À la suite de la publication de notre sujet de ce mercredi sur la proposition de loi de Pays transmise à l’assemblée relative aux pesticides, le vice-président du syndicat des agriculteurs de Polynésie et ancien ministre du gouvernement Temaru, Kalani Teixeira, a tenu à prendre la plume pour s’élever contre un texte présenté par le gouvernement qui, contrairement à ce qu’il est pourtant écrit dans son exposé des motifs, n’a pas recueilli l’assentiment des agriculteurs.
 
“Premièrement, concernant le fondement sanitaire du texte, l'urgence invoquée semble s'appuyer sur des données internationales au détriment des réalités locales”, explique le vice-président du syndicat. “En 50 ans de suivi en Polynésie française, la Caisse de prévoyance sociale (CPS) n'a reconnu aucune maladie professionnelle liée aux pesticides.

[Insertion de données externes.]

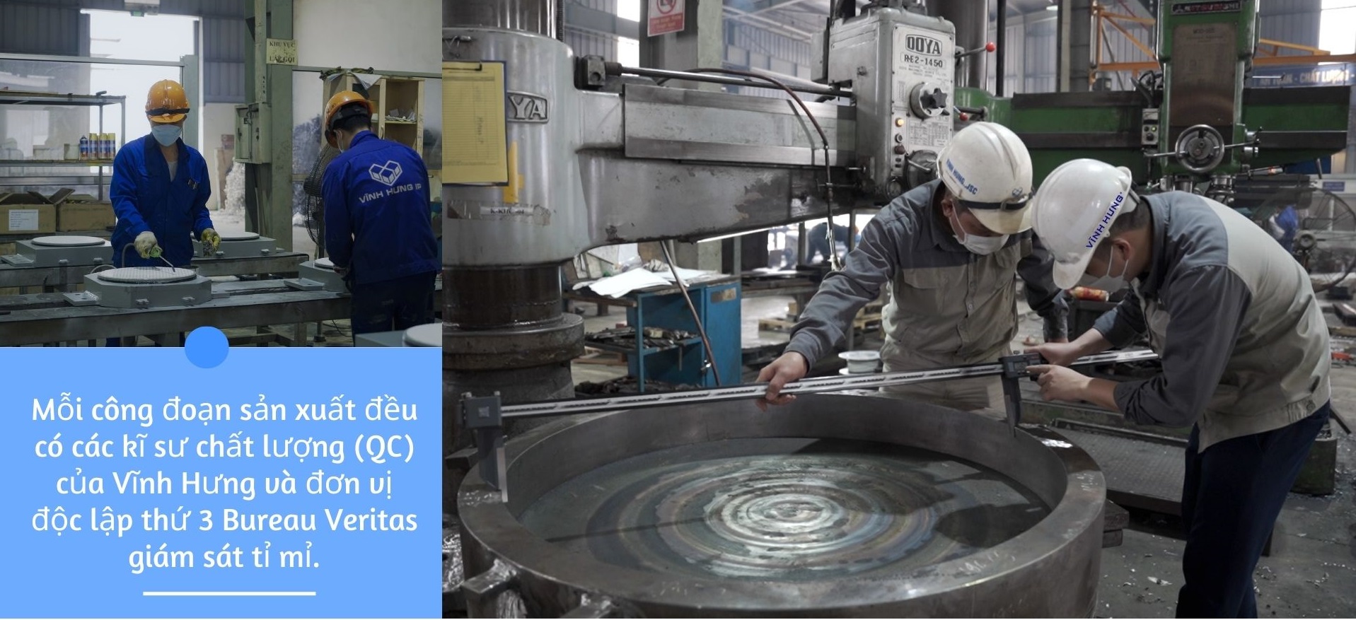 Bên cạnh đó, để nhà thầu có thể theo dõi, giám sát các công đoạn sản xuất gối cầu, yên tâm về chất lượng sản phẩm, Vĩnh Hưng đã phối hợp với nhà thầu làm việc cùng bên thứ 3 - Bureau Veritas đến chứng kiến, thử nghiệm và chứng nhận chất lượng trong từng công đoạn.
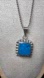 This exquisite necklace showcases a vibrant turquoise blue stone set in a decorative silver frame, capturing the essence of Southwest style. The pendant is elegantly suspended from a sleek silver chain, making it a timeless piece for any jewelry collection.
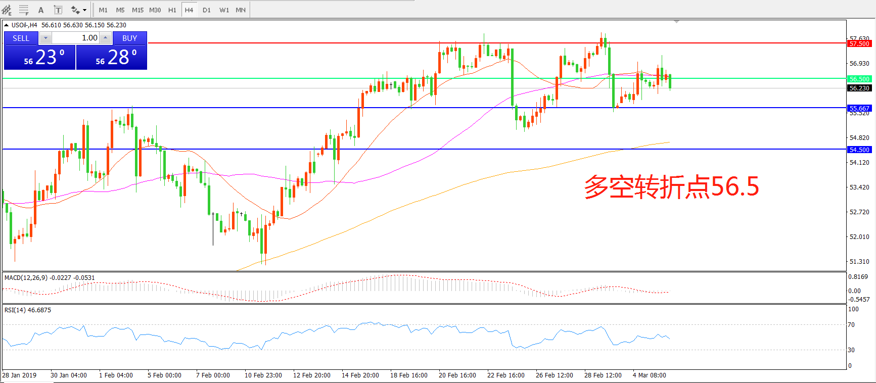 交易策略:在56.50之下看跌,目标55.60 54.50
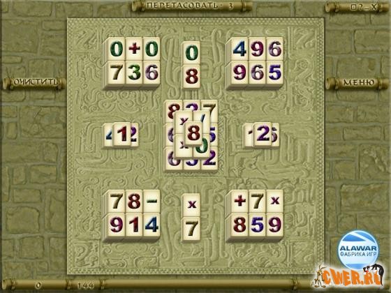 В первом из них вы сможете по своему усмотрению перемешивать фишки на игровом поле и увеличивать таким образом количество возможных ходов. В режиме Цифры изображения на фишках представляют собой числа и математические знаки. Удаляйте с игрового поля пары одинаковых плиток и старайтесь создавать из них правильные арифметические выражения (например: 16:3=6), за которые начисляются дополнительные очки.
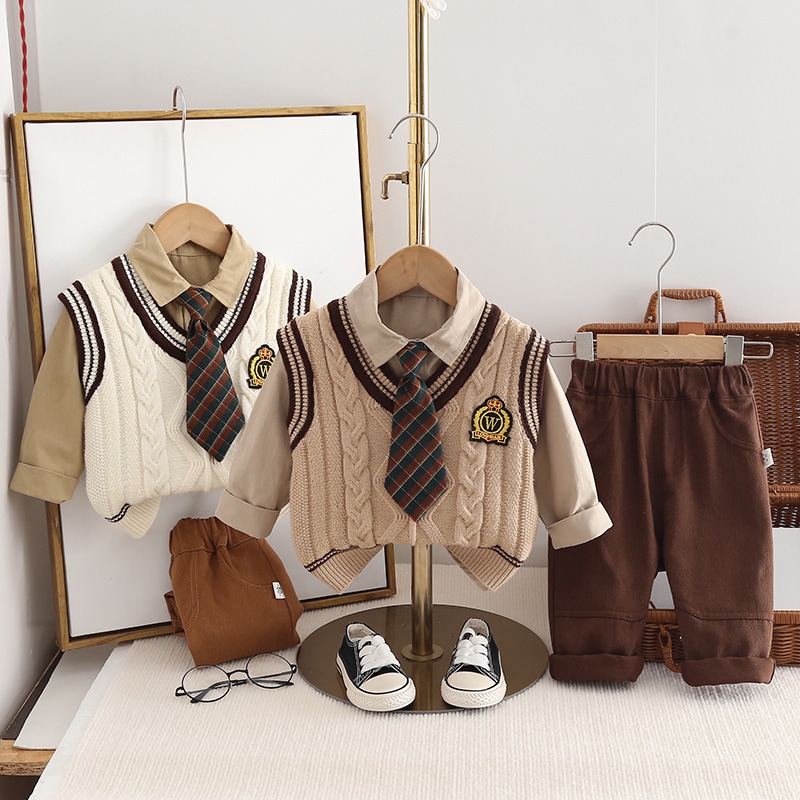 子供服日系春秋ニット長袖カジュアルTシャツ+ズボン2点セット 赤ちゃん上下セット ベビー用外出着 男の子 女の子 上下セット

De plus, les contrôles du Sistra n'ont révélé aucune tendance significative à la contamination chez nos agriculteurs”, explique-t-il pour tordre le cou à une proposition de loi faite pour “protéger la santé publique et l’environnement, tout en soutenant une agriculture plus durable”.
 
Remonté contre ce texte déposé à l’assemblée alors qu’une récente réunion proposait de le mettre en “stand-by” pour le retravailler, Kalani Teixeira s’insurge de voir citer dans la proposition de loi la bifenthrine parmi les produits interdits “alors que les restrictions réelles concernent les néonicotinoïdes et le fipronil”. “Un alignement strict sur la législation française créerait une distorsion de concurrence majeure avec des pays comme la Nouvelle-Zélande ou l'Australie ou les États-Unis qui continuent d'utiliser ces solutions afin de contrôler les ravageurs de cultures”, analyse-t-il. “En l'absence d'alternatives adaptées à notre climat, la pérennité de nos filières locales, notamment les maraichages, les agrumes, pastèques et la vanille, est menacée, ce qui fragilise directement notre souveraineté alimentaire” argumente l’ancien ministre de l’Agriculture.
 
Une copie à revoir
 
Comme nous le mettions en avant mercredi, le projet de loi du Pays instaure désormais l’obligation de formation (Certipest) pour tous les utilisateurs professionnels de ces produits. En tout, plus de 1 000 personnes (agriculteurs, piscinistes, professionnels du bois, etc.) sont concernés. Pour le syndicat des agriculteurs, cette formation est tout bonnement utopique. “Former 1 000 professionnels en deux ans par les seuls organismes publics (CFPAA, CCISM CAPL) est logistiquement irréalisable”, s’insurge-t-il. “Il serait plus réaliste de mobiliser le réseau des 200 organismes de formation privés agréés par le Fond paritaire de gestion avec un financement adapté pour les chefs d'exploitation et former des formateurs locaux via la Chambre de l’agriculture (missions qui leurs sont dévolues en France).” Il pointe de plus le manque “de personnel de terrain” à la Direction de l'Agriculture qui rendrait l'accompagnement des agriculteurs “particulièrement difficile” dans ce nouveau cadre.
 
Kalani Teixeira demande que soit entièrement revu le projet de texte de loi afin de “fonder cette réforme sur des données locales, de protéger la production polynésienne face à la concurrence internationale et de planifier un dispositif de formation réaliste en dotant la Chambre de l'Agriculture (CAPL) de moyens adéquats et de s'appuyer sur le privé”.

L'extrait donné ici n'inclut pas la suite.